A few years later, the Supreme Court provided a more rational, less religious, and more workers'-welfare-focused reasoning for not striking down these sorts of "Sunday Laws."
In Petit v. the State of Minnesota, 177 U.S. 164 (1900), the United States Supreme Court upheld an 1894 Minnesota statute that prohibited any person from keeping open a barbershop on Sunday, saying "the object mainly was to protect the employees by insuring them a day of rest; and said: `Courts will take judicial notice of the fact that, in view of the custom to keep barbershops open in the evening as well as in the day, the employees in the shops work more, and during later, hours than those engaged in most other occupations, and that this is especially true on Saturday afternoons and evenings; also that, owing to the habit of so many men to postpone getting shaved until Sunday, if such shops were to be permitted to be kept open on Sunday, the employees would ordinarily be deprived of rest during half of that day.'"
Fifty years later, in 1955, Colorado enacted for the first time a law, C.R.S. §§ 13-20-1 et seq., that made it illegal for any person to keep open any business that bought, sold, or traded motor vehicles "on the first day of the week, commonly called Sunday."
The penalty for violating this law was a potential fine of up to $1,000 (which would be more like $10,000 in today's dollars), up to six months in jail, and the potential revocation of the motor vehicle dealer's license.
The Colorado Supreme Court upheld this law in Mosko v. Dunbar, 309 P.2d 581 (Colo. 1957), under the premise that, as the United States Supreme Court decided in the Minnesota barbershop case, such a law was for the good of the public welfare and because (however seemingly contradictorily,) it actually reinforced the First Amendment doctrine of freedom from religion.
This new regulation on car dealers hardly stretched back to the founding of the nation. Rather, it came about as a result of a resurgent wave of conservative Christian fervor during the 1950s.
Despite this being the only such statute to ban business on Sunday, in its opinion, the Colorado Supreme Court made a special point of noting that "It has been the policy of this commonwealth [of Colorado] since 1868 to inhibit all labor on Sunday, works of charity and necessity excepted."
Explaining that, "Sunday laws are 'essentially civil and not religious" ordinances, and that the judicial branch should "assist 'the mild voice of Christianity to secure the due observance of Sunday as a day of rest" because doing so would actually uphold religious freedom - such a law does not require anyone to worship any particular deity, after all, it merely requires the employees to take a day off.

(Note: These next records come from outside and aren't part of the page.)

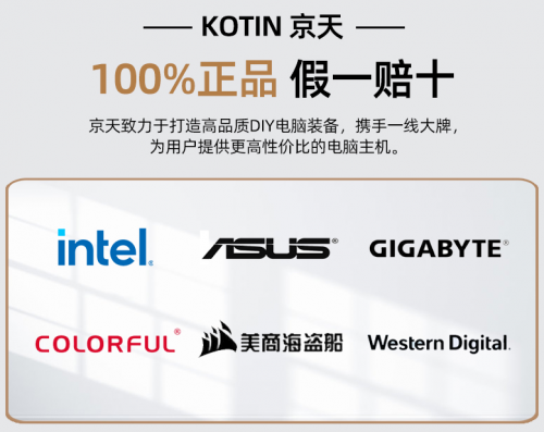 在货品供应上,精选大牌品质硬件提供稳定保障,京天华盛携手联合英特尔、英伟达、七彩虹、华硕、技嘉、西部数据、镁光、金河田、长城、冠捷、三星等各大品牌深度合作,京天华盛充分整合资源,为玩家提供更优性价比的DIY电脑装备。
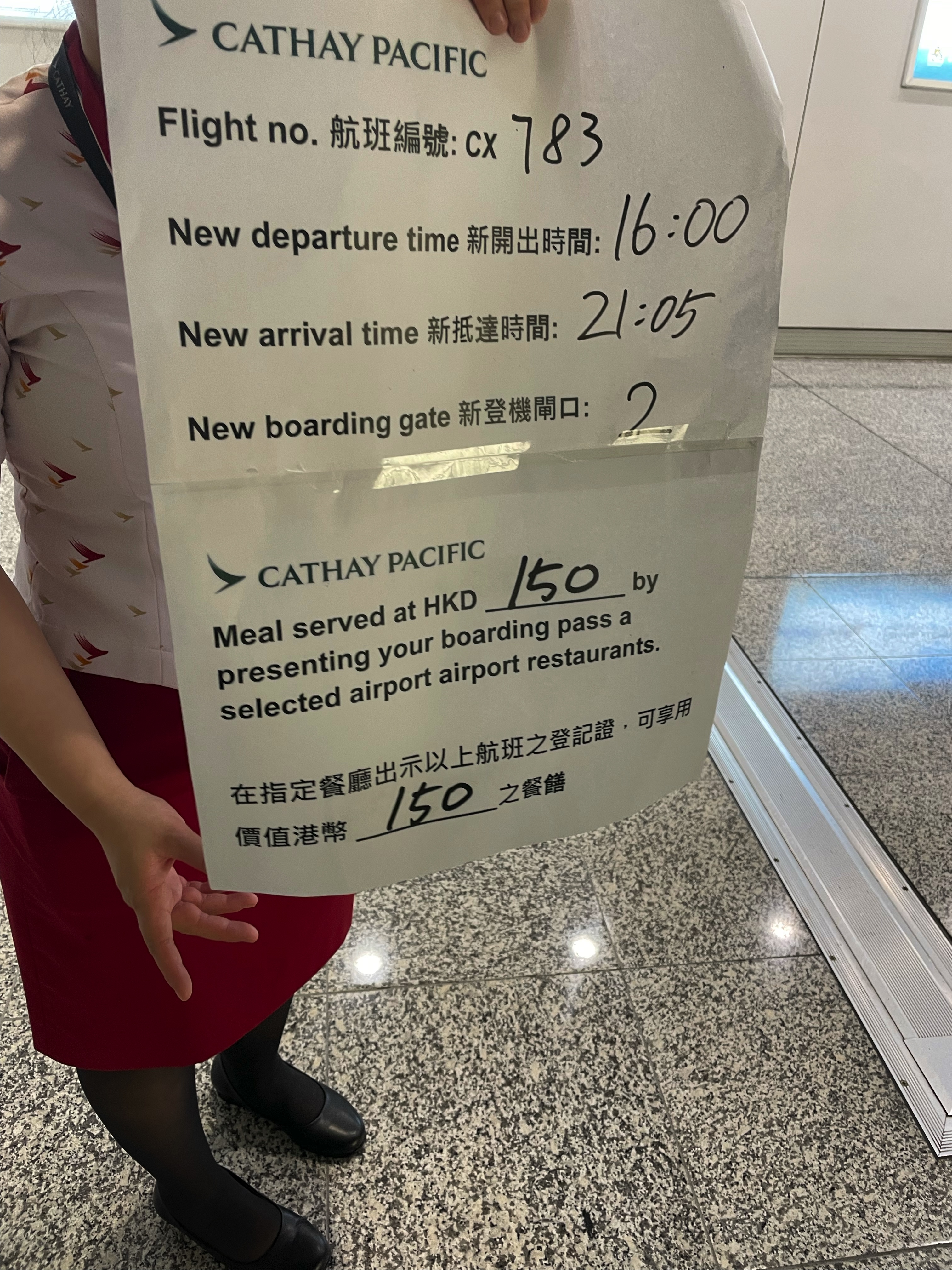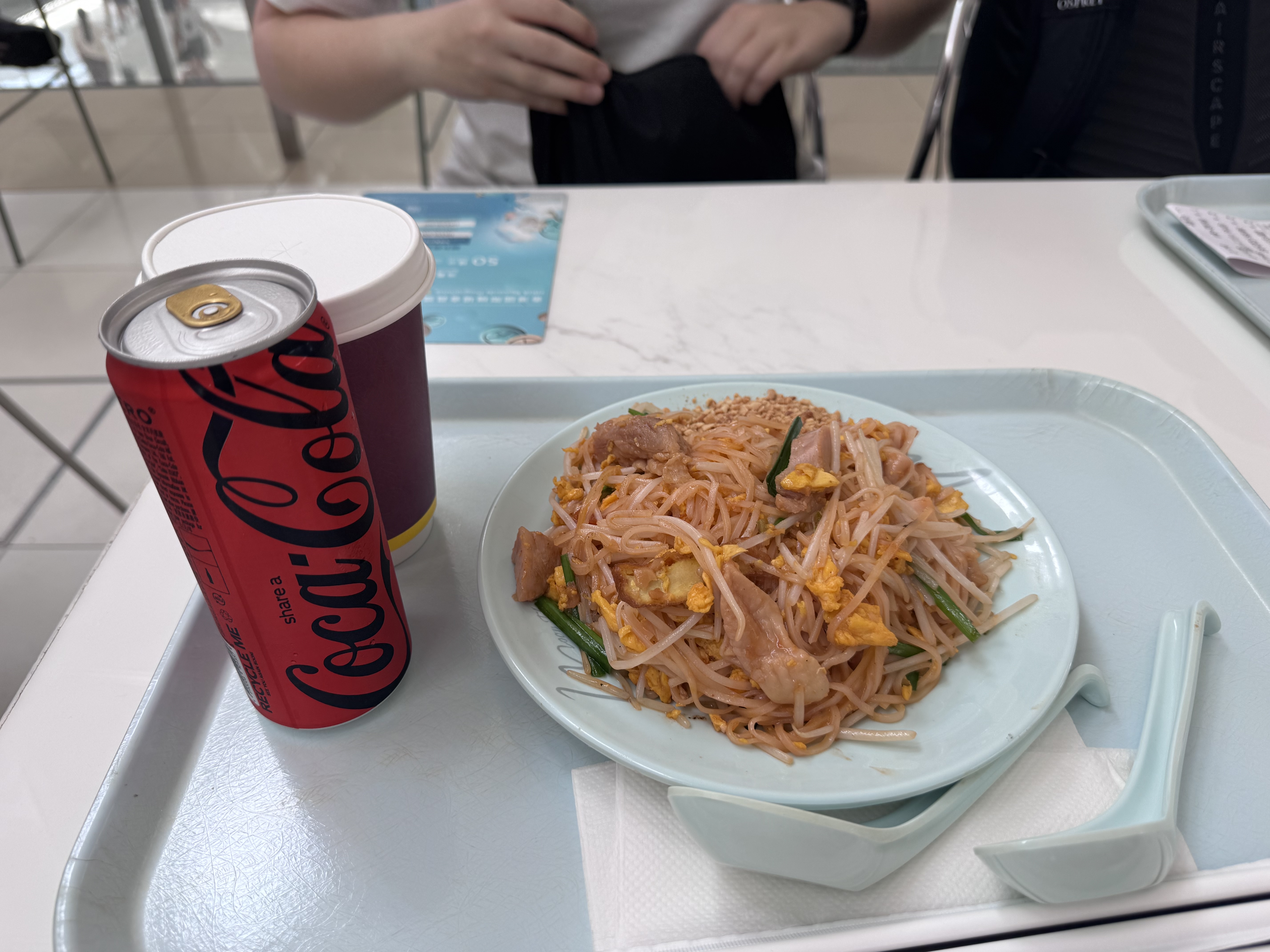Efter frukosten satte vi oss vid gaten och väntade på boarding. Allt gick smidigt fram tills vi var på väg att lyfta. Piloten meddelade att de hade tekniska problem och att de behövde kolla med ingenjörerna vid gate:en. Efter ungefär en timme på flygplanet fick vi veta att vi skulle behöva gå av och byta flygplan. Vi fick också veta att vi skulle flyga klockan 16 istället för halv ett, och att vi skulle få 150 Hongkongdollar i vouchers som kompensation. Vi utnyttjade vouchers:en och åt Pad Thai. Det var en lite konstig version av Pad Thai, men den var gratis.
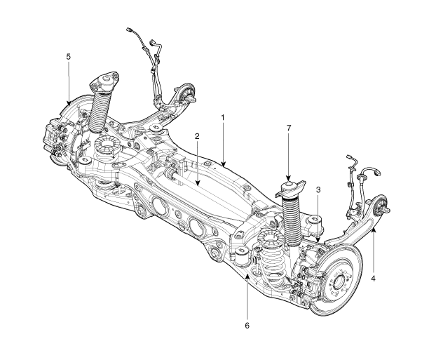 | 1. Hinterer Hilfsrahmen 2. Stabilisator hinten 3. Oberer Tragarm hinten 4. Längslenker |
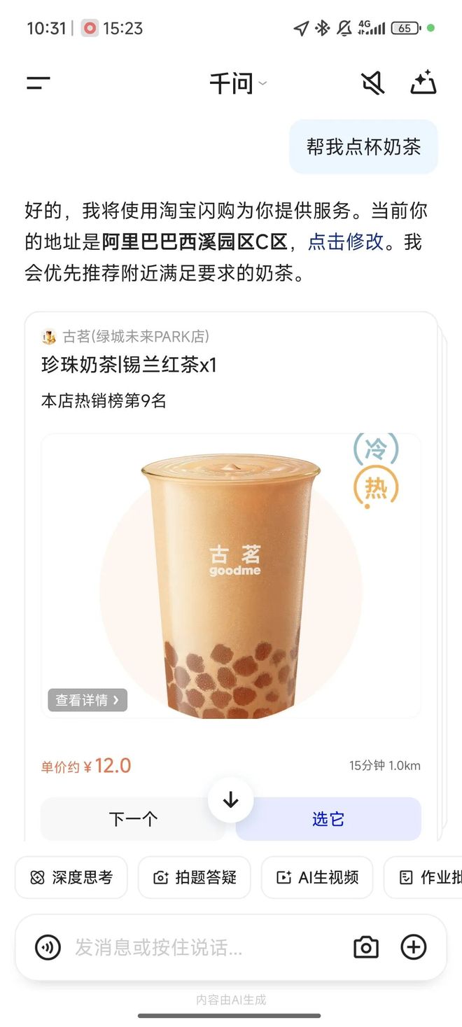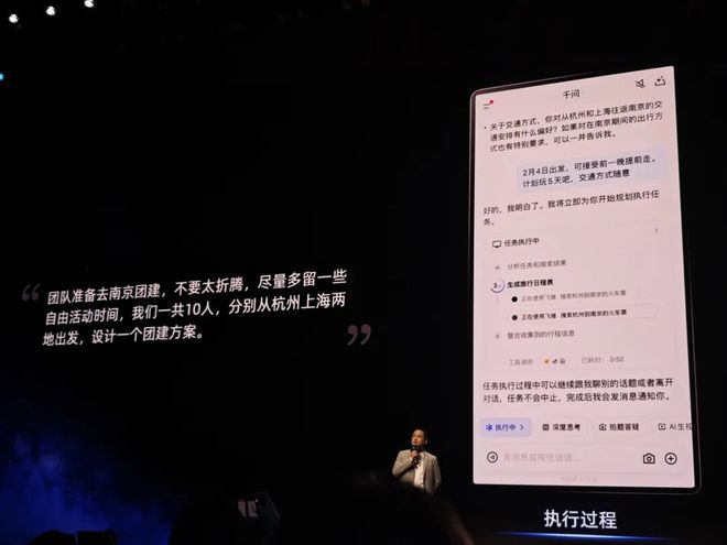 现在你打开千问App,能直接用它点外卖、订机票、淘宝买东西。比如你说“来40杯奶茶”,它自己就能在淘宝上找店、下单、付钱,不用你再跳来跳去打开别的App。它还能帮你整理乱七八糟的表格,或者给饭店打电话订位子,连通话内容都给你记下来。
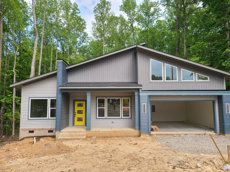 Open concept plan with soaring ceilings and large windows. The foyer hall leads to the open family room with cove molding and custom wood trim around the fireplace with floating shelves on either side. The kitchen features a gas stove and a large center island for entertaining or relaxing with family. The dining area overlooks the private wooded backyard. Hardwoods throughout home except in the bedrooms. The primary suite features raised ceilings, a large walk-in closet and spa bath with custom tile shower and double vanities. The other bedrooms have either 12 ft ceilings or vaulted ceilings. The two-car garage has vaulted ceilings with large windows above garage doors spilling tons of natural light into the garage. The screen porch offers a peaceful retreat to entertain or enjoy nature. Sodded front lawn. This home offers top-of-line quality rarely seen at this price point.
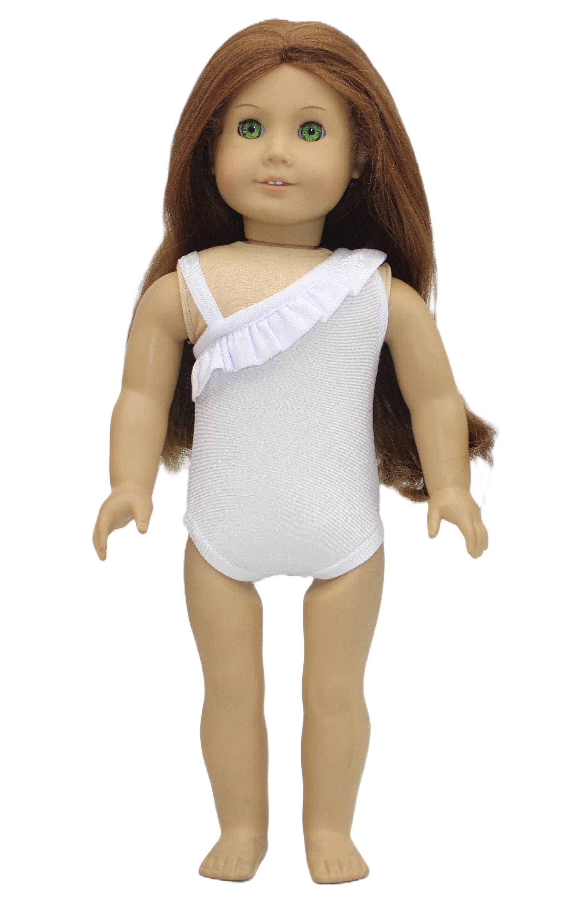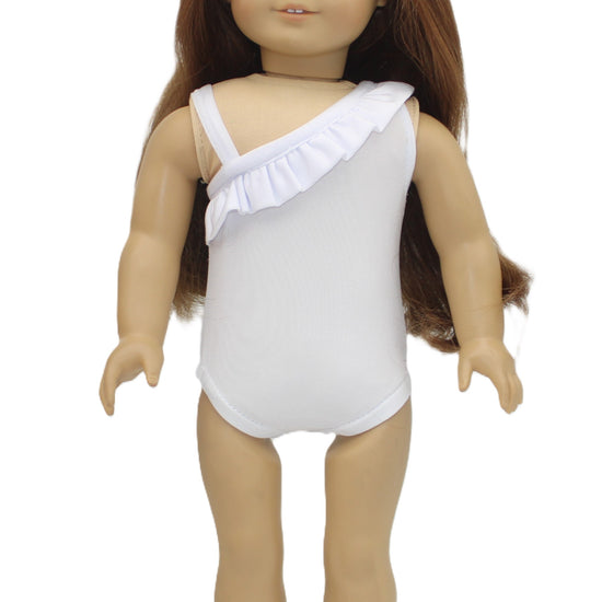 This white ruffled off-the-shoulder swimsuit adds a splash of fun and style to your doll’s beach day. Its playful ruffles bring a touch of charm, making your doll ready for sunny adventures and poolside fun. Perfect for warm-weather play!
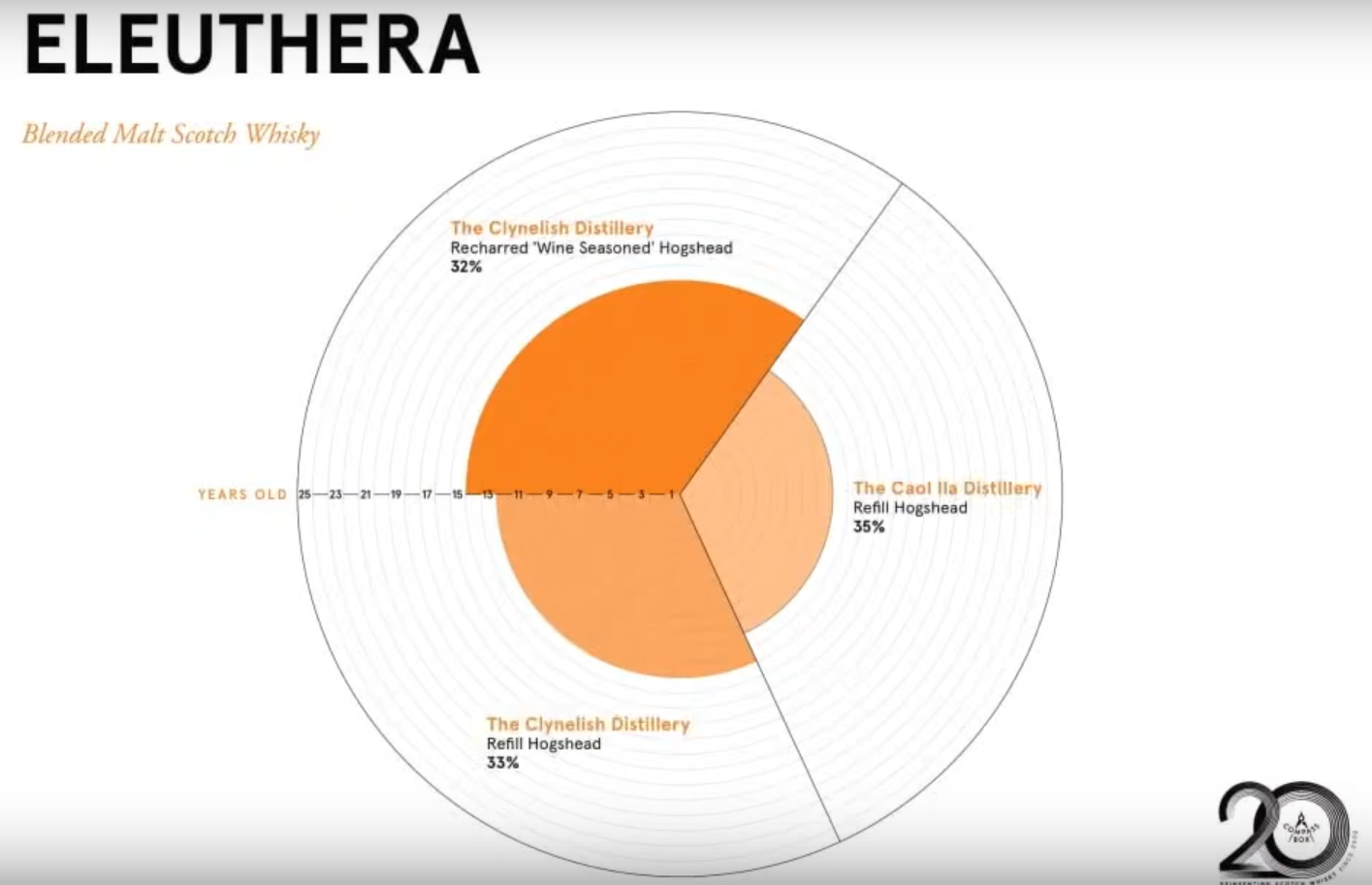 Eleuthera ist ein Blended Malt aus Clynelish und Caol Ila, 12-14 Jahre alt. Abgefüllt in 2002 mit 46%. Ursprünglich war geplant auch noch Linkwood rein zu blenden. Da der Caol Ila aber nicht so viel Whisky enthielt wie geplant hat Glaser das Rezept geändert. Der Name kommt von Island of Eleuthera, auf dem Glaser immer wieder Urlaub gemacht hat. Dort hat er beschlossen Compass Box zu gründen. Das Wort an sich heißt Freiheit und das bedeutete für Glaser auch die Gründung eines eigenen Unternehmens. Link zur Whiskybase

Such a day off, the Court wrote, would save those employees - if not the whole of society - from the rising tide of divorce and juvenile delinquency.Since a non-working spouse "has a natural right to the society and companionship of the working spouse," and "the children have a natural right to the society and companionship of the working parent," the Court explained that this particular Sunday Law was not only good but necessary for the welfare of society, as, "one of the important causes for divorce is the lack of companionship between husband and wife, resulting in the spouses almost being total strangers to each other. Parents who have working and social engagements to keep to the extent that their children are left to shift for themselves create a condition conducive to juvenile delinquency. This court should be the first to fortify the family against widening the wedge by which causes for divorce or delinquency may be given additional impetus to reach flood stage."
This decision remains the law of the land to this day.
The original statute preventing car dealerships from selling cars on Sunday was updated and replaced by the state legislature in 2018. C.R.S. § 44-20-300 et seq.
And for those reasons, you cannot buy a car from a dealership on Sundays in Colorado.